Какое же пространство «освобождается» тогда для философии в интересах подлинного понимания истины внутри самого богословия? Уже сейчас можно предложить определённый способ «схватывания» темы. Мы остаёмся в пределах прекрасно сформулированной прот. Александром Шмеманом антиномии между «статикой» богословия, неизменной для последнего, заданной ещё общим духом Вселенских соборов, и «динамикой» свободной мысли. Но мысли не религиозной, а философской. Значимость последней определяется тем, что её динамика, о чём мы уже говорили выше, отличается моментами аскезы и интуицией первоединства, лежащего в основе мысли.
Такой подход, в свою очередь, даёт право надеяться, что та самая динамика, поскольку она осуществляется в человеческом мышлении, каким-то образом приближает человека к пониманию внутрибожественной жизни, о которой говорит догмат, даёт возможность доступным человеку образом подойти к самому переживанию «перихорезиса». Речь здесь ни в коей мере не идёт о «недостатках» догматического или литургического богословия, которые должны быть восполнены собственными резервами философии. Богословская «статика» сформировалась как ответ Церкви на излишний «динамизм» еретических рассуждений. В ответ на попытку ариан, остававшихся как раз в пределах тогдашней философской логики, развести Ипостаси Отца и Сына, ввести Сына в процесс творения. Отцы Первого Вселенского Собора упорно настаивали на том, что Сын единосущен Отцу, не будучи одновременно «вторым богом».

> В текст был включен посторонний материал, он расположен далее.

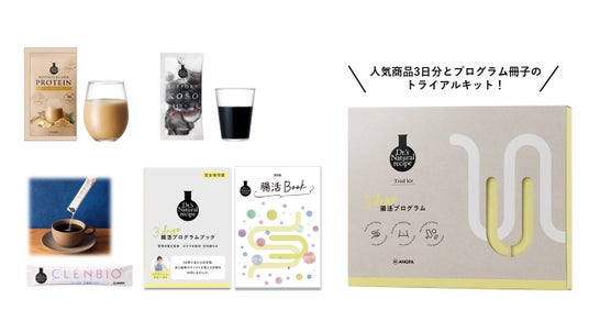 この度、「ドクターズナチュラルレシピ」は、「ドクターズナチュラルレシピ トライアルキット 3日間腸活※プログラム」を 数量限定で発売いたします。トライアルキットでは、ドクターズナチュラルレシピの人気3商品である「ボタニカルライ フプロテイン(きなこ味)」「サポート酵素ドリンク(りんご味)」「クレンビオ 乳酸菌パウダー」の個包装が3個ずつ入った セットをご用意いたしました。また、商品を手軽にお試しいただけるだけでなく、同梱の「腸活BOOK」や、管理栄養 士・姿勢改善トレーナー監修の「3日間腸活※プログラムブック」を併せて活用いただくことで、腸内環境の基礎や食 事の選び方、美腸に導くトレーニングの知識も身に付けることができるセットとなっております。 “はじめての腸活※”としても簡単に取り組んでいただけるよう、各商品をお召し上がりいただくタイミングや、管理栄 養士によるおすすめの食事の選び方など幅広くご提案します。トライアル中の3日間で、腸内環境の変化を少しで も感じていただけるようにサポートいたします。
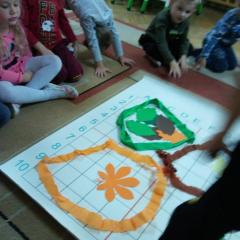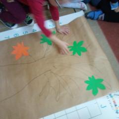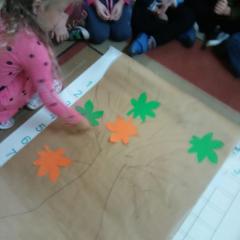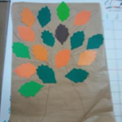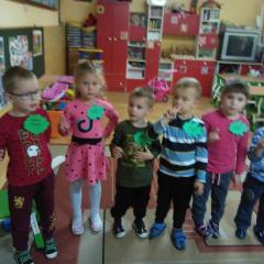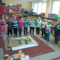 Z okazji Święta Drzewa rozmawialiśmy o tym jaką rolę pełnią drzewa w przyrodzie oraz jakie jest ich znaczenie w życiu człowieka. Rozpoznawaliśmy liście poszczególnych drzew i ich owoce, omawialiśmy ich wygląd, grupowaliśmy liście według kolorów, a następnie w kolorowych szrafach układaliśmy liście danego drzewa. Przyozdabialiśmy drzewo dębu -  liśćmi. Dzieci złożyły również przyrzeczenie,  że będą chronić i dbać o  przyrodę. Otrzymały odznaki "Strażnika Przyrody" Praca plastyczna - Kolorowanie wybranego przez siebie liścia.
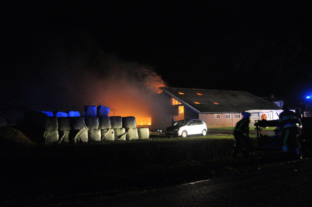 Zandhuizen – Bij een grote brand in een stal vol koeien in Zandhuizen zijn donderdagavond 110 koeien om het leven gekomen.
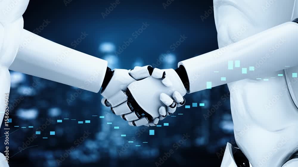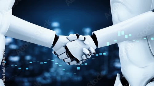 Wall mural 3d rendering hominoid robot handshake with stock market trading chart showing buy and sell decision  - Wall murals Wall mural 3d rendering hominoid robot handshake with stock market trading chart showing buy and sell decision - Wall murals
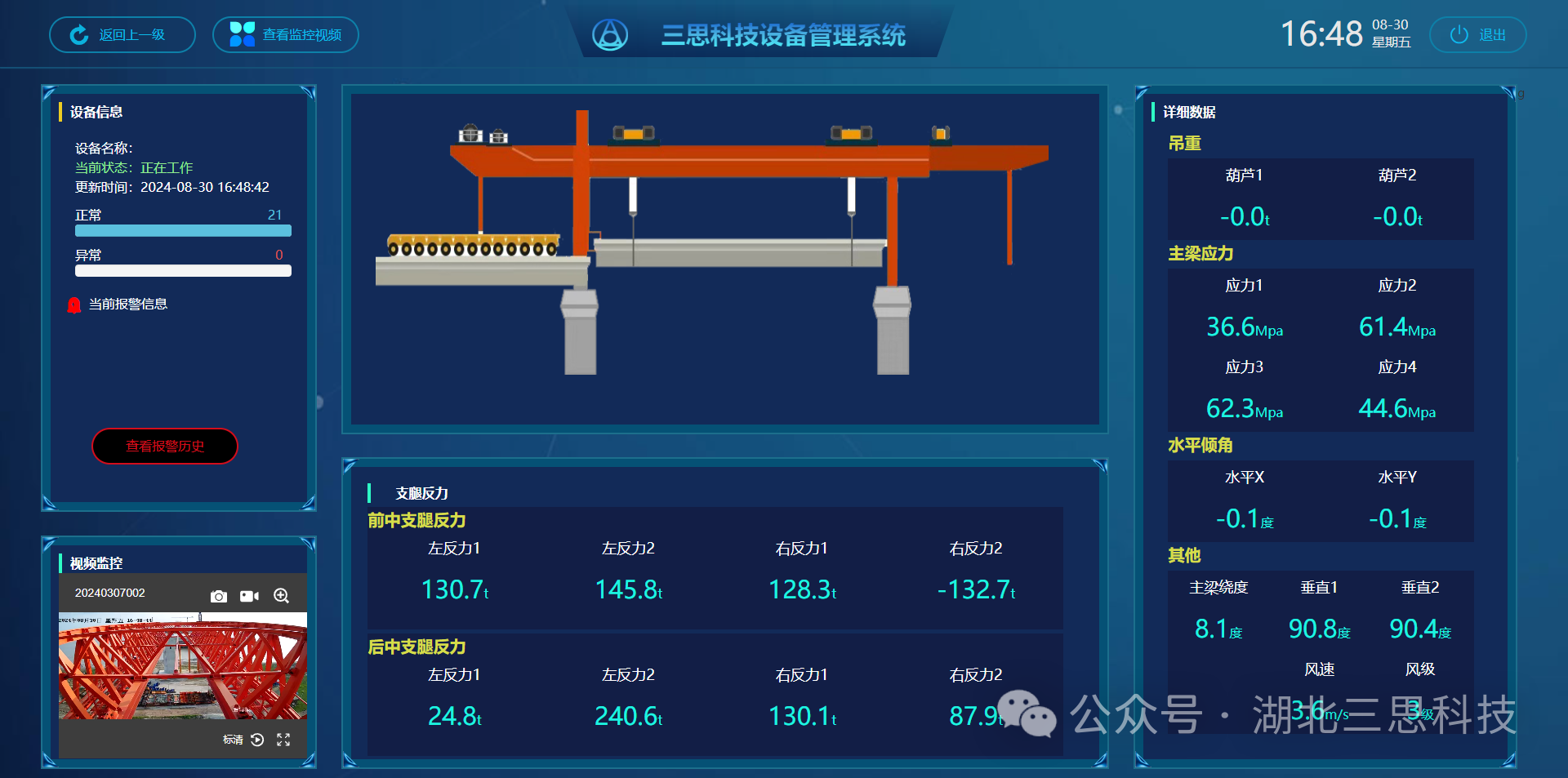 在設(shè)備4個承重支腿等重要部位、模板工作區(qū)域約8處,均設(shè)置海康威視高清攝像頭,做到對工作環(huán)境的實(shí)時監(jiān)測。
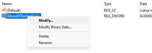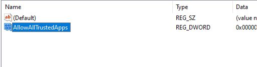 STEP 4c: Name the new DWORD (32-bit) Value: AllowAllTrustedApps, click Enter NOTE: If this key already exists, move to the next step
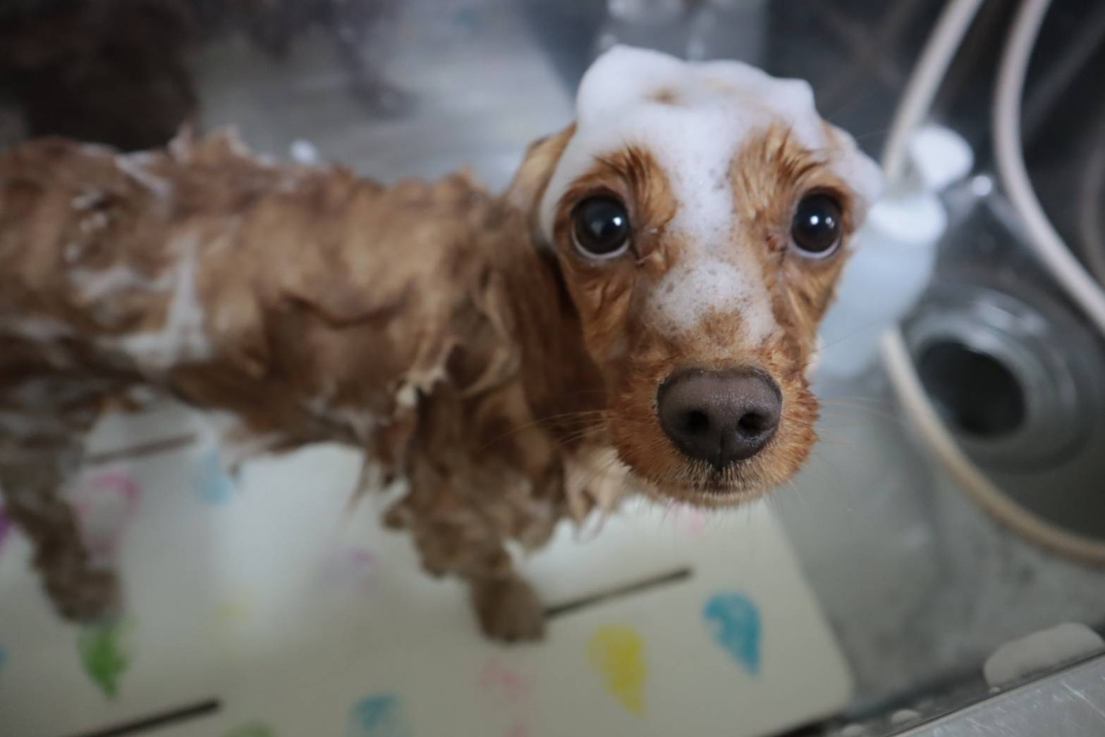 コアくんシャンプー中もジッと見つめてくれます☺️

Уяснить философски это было никак невозможно, но отцов такой вопрос никак не волновал. Им важно было отстоять догмат, несмотря ни на какие препятствия. В догматической формулировке должна была быть сохранена сама полнота божественного в Троице, проявлен путь Её должного почитания даже путём жертвования философской логикой, если она здесь начинает предъявлять какие-то расходящиеся с только что названными условиями требования. В этом заключалась великая правда. Если цель философии — истина, то сама философия никак не может быть поставлена выше Истины. Лучше отказаться от интеллектуального воспроизведения божественного в себе, от чистой мысли, нежели от правильной, с точки зрения соответствия духу Писания, догматической формулировки. Легенда о пощёчине св. Николая Арию символична. Пощёчина должна была в этой ситуации прежде всего не причинить наказания еретику, а привести Ария в чувство, остановить ту самую искусительную динамику сознания, дабы человек просто замер в предстоянии Богу, на какой-то миг забыл обо всём, чем он жил прежде, сделал самый важный шаг к вере, нашёл её «место». Это излечивающая, а не карающая пощёчина. Иначе такой поступок со стороны святого был бы не объясним.

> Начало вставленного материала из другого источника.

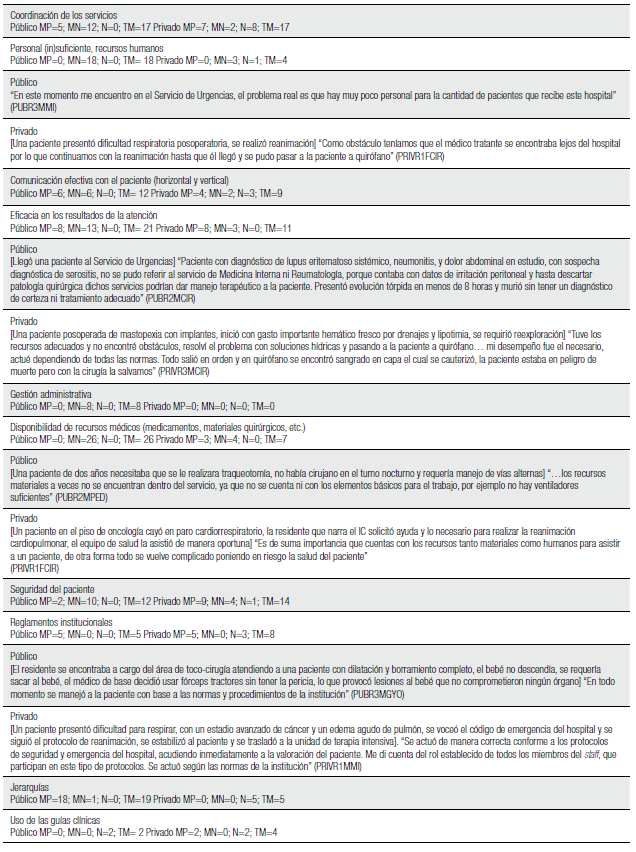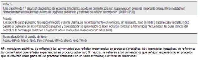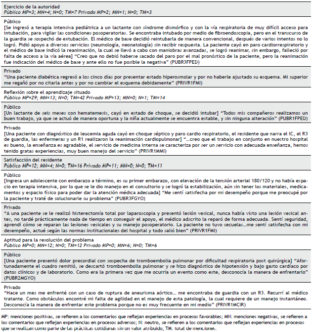 Resultados: Para los residentes del hospital público las jerarquías imperantes en el contexto clínico tuvieron efecto positivo en la eficacia de la atención médica, aunque también hubo abuso de poder, las menciones negativas aludieron a la falta de recursos. En el privado, la seguridad del paciente sobresalió en los relatos.
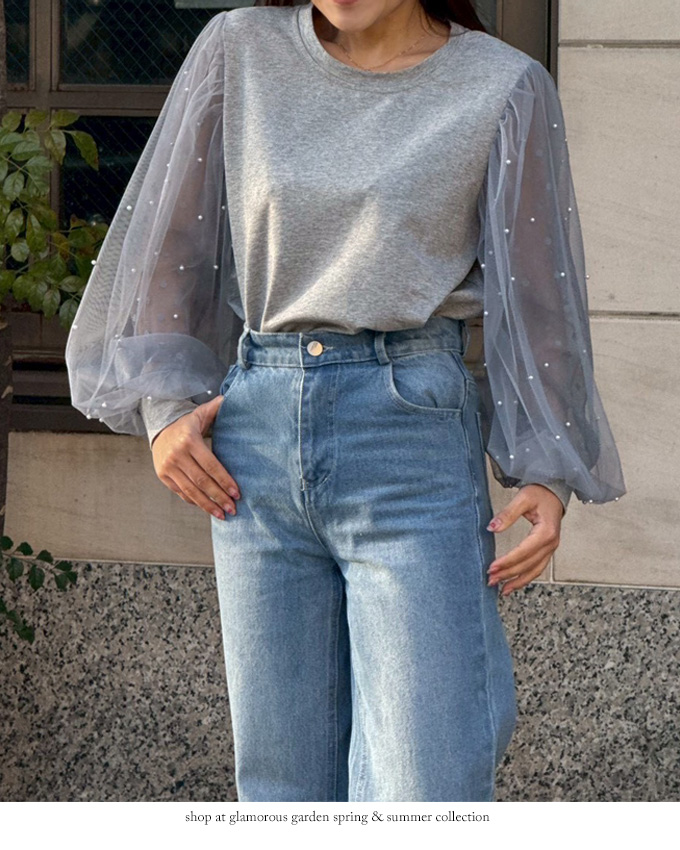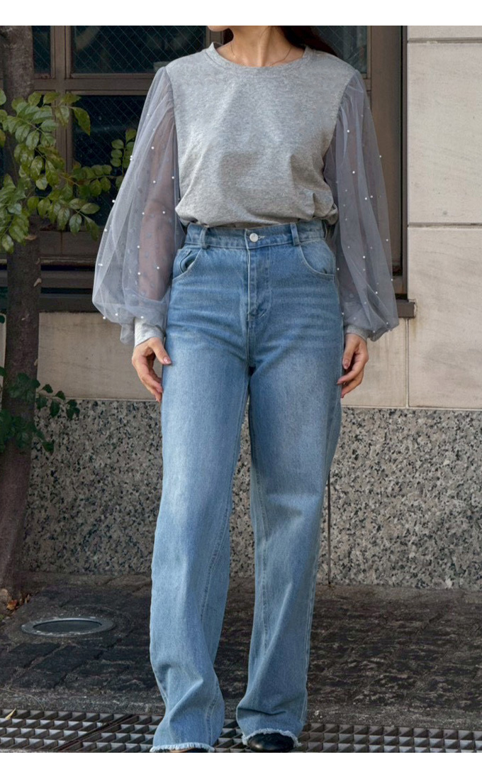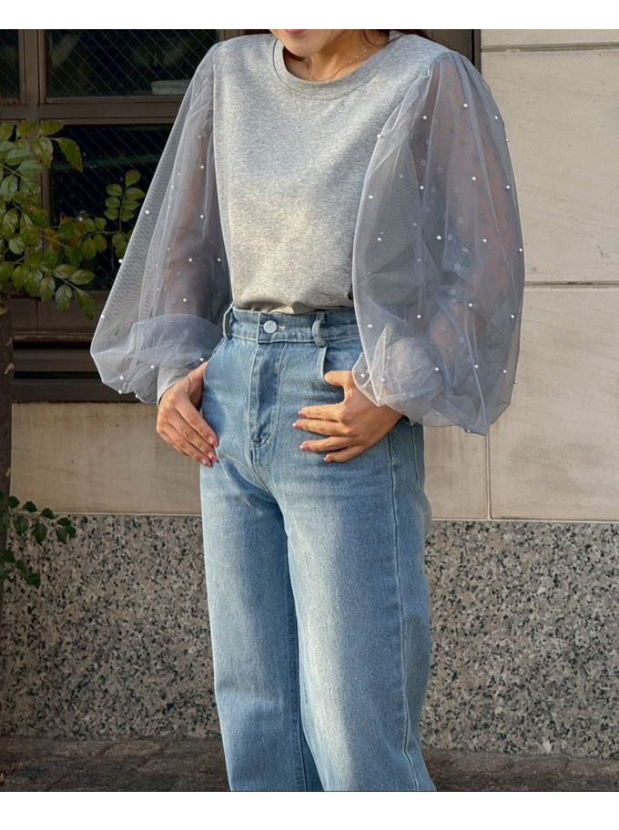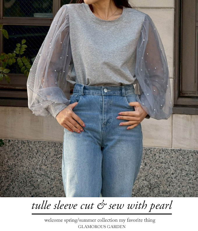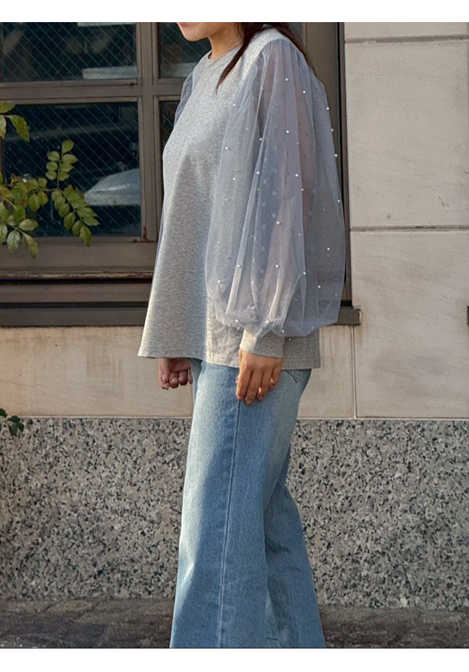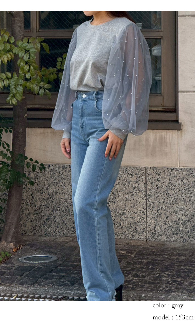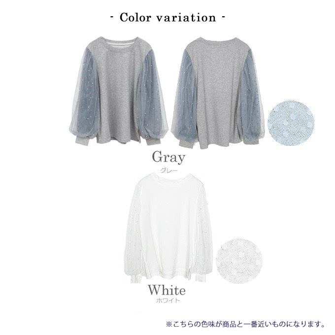 パール付きチュール袖カットソー【ネコポスOK】【7e-831-06150】

Но как только шаг в сторону сверхфилософичности догмата оказывается сделанным, становится ясно, что жертвование философией не проходит бесследно для богопознания. Человеку, благоговейно замершему перед Истиной, может показаться, что он уже живёт в ней. Тогда исчезает внутренний импульс понимания, в частности, самого догмата, ибо понимание осуществляется в той самой динамике, которой пришлось пожертвовать недавно из-за её связи с еретическим отступлением от Истины. Это обстоятельство и накладывает, прежде всего, на богословие в данном пункте определённое ограничение в его полномочиях толкования вероучительных положений. Но ограничение это неизбежно и является «наименьшим из зол», в сравнении с тем, к чему привела бы попытка во что бы то ни стало сохранять в процессе богословствования метод философского рассуждения. В самых же общих чертах можно сказать так: господствующий в античности вид того самого философского рассуждения становится неудовлетворителен для его логического «резонанса» с содержанием догмата. Оттого философия и оказалась здесь ни к чему и заняла «нишу», не соотнесённую непосредственно с христианским вероучением.

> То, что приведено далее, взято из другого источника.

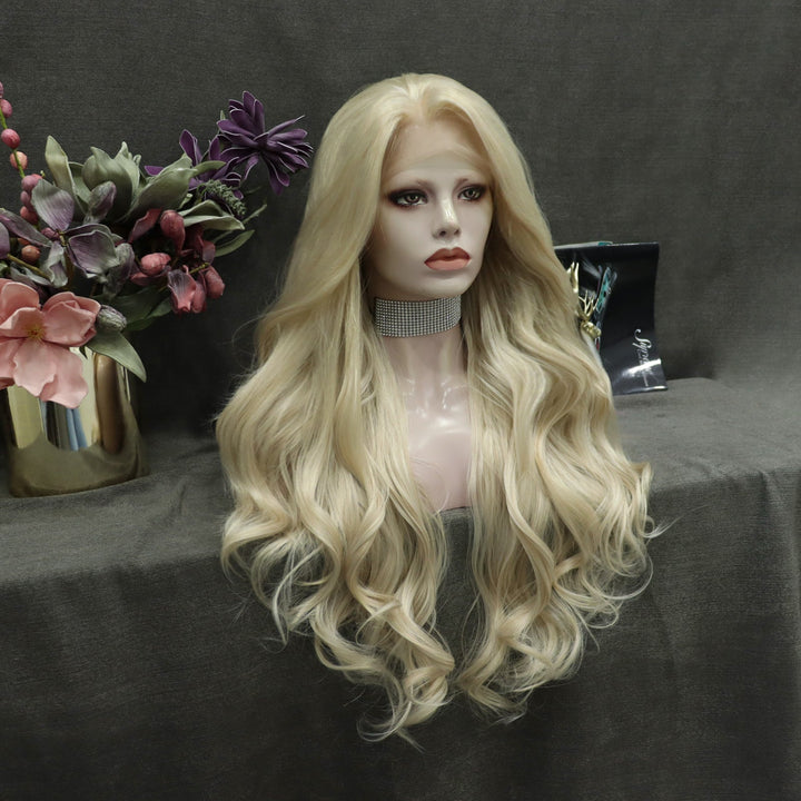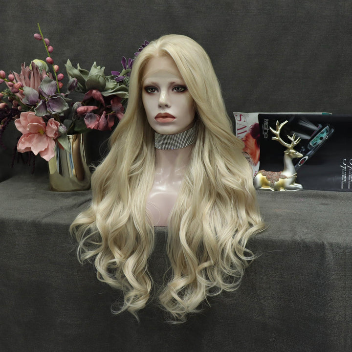 IMSTYLE Kristina 613 Blonde Wave Lace Front Wig Heat Resistant Synthetic Light Blonde Hair Wig for Cosplay Party Halloween 26 inch

Но в христианскую эпоху мы застаём уже совершенно иную ситуацию, и не принимать «дар мысли» так же, как не приняли его во времена поздней античности отцы из рук философствующих еретиков, уже не всегда означает благой поступок. Более того, теперь здесь может быть упущено нечто важное в понимании самого вероучения. И вот что самое важное и любопытное. Отвергая философию на словах и следуя тем самым «заветам предков», о. Александр Шмеман на деле, то есть в своих текстах, посвящённых преимущественно литургическому богословию, как раз обнаруживает своё удивительное родство с самим духом философии и прежде всего с философией «гонимого» им Гегеля.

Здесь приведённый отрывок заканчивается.